"Tush!" cried I. "He was a man of straw and would have run or struck to you after your first broadside! 'Twas Joanna and Resolution Day fought the ship after Belvedere was dead—"
"Ah, dead, is he? Why, very good!" said Adam, rising and seating himself at the table. "Here is yet another name for my journal. You saw him dead, Martin?" he questioned, taking up his pen.
"Most horribly! He was killed by the mate, Resolution Day—"
"Ha!" says Adam, turning to his writing. "'Tis a name sticks in my memory—a man I took out o' prison and saved from burning along with divers others, when we took Margarita—a tall, one-eyed man and scarred by the torment—?"

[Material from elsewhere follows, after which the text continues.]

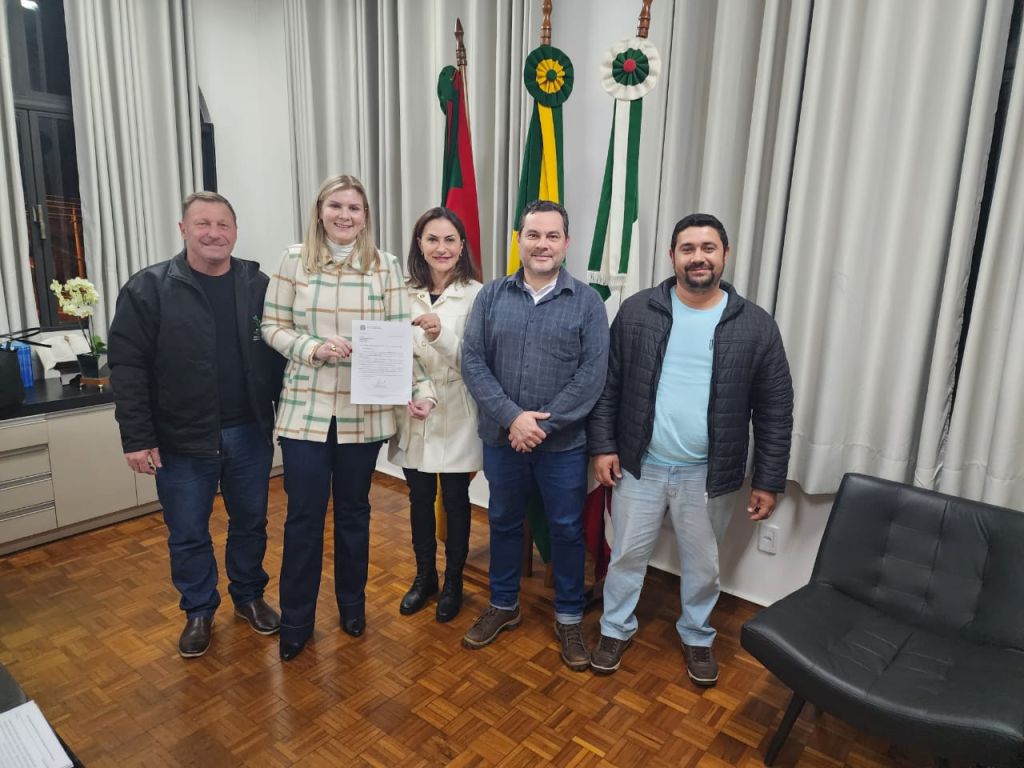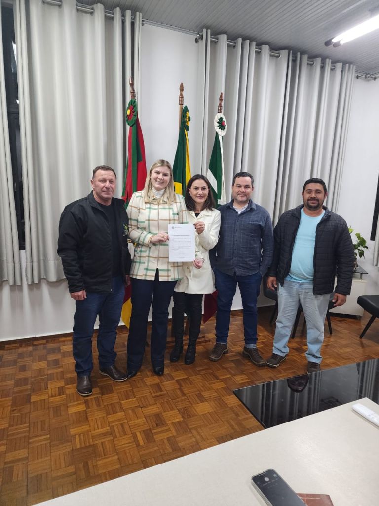 Na ocasião, a Prefeita Flaviana Brandemburg Basso recebeu a bancada do MDB de Pejuçara, acompanhada do presidente municipal do partido, João Luiz Valandro, que oficializaram o repasse do recurso ao município.

"'Tis the same! But, God forgive you, Adam, why must you be wasting time over your curst journal and idle talk—"
"I think, Martin! I meditate! For, if this be true indeed, we must go like
Agog—delicately—Martin—delicately!"
"Folly—oh, folly!" cried I. "Joanna may be firing the ship as you sit scribbling there, or contriving some harm to my dear lady—act, man—act!"
"As how, Martin?" he questioned, carefully sanding what he had writ.
"Seize her ere she can strike, set her fast under lock and key, have her watched continually—"
"Hum!" said Adam, pinching his chin and viewing me with his keen gaze. "If she be so dangerous as you say, why not slay her out of hand—"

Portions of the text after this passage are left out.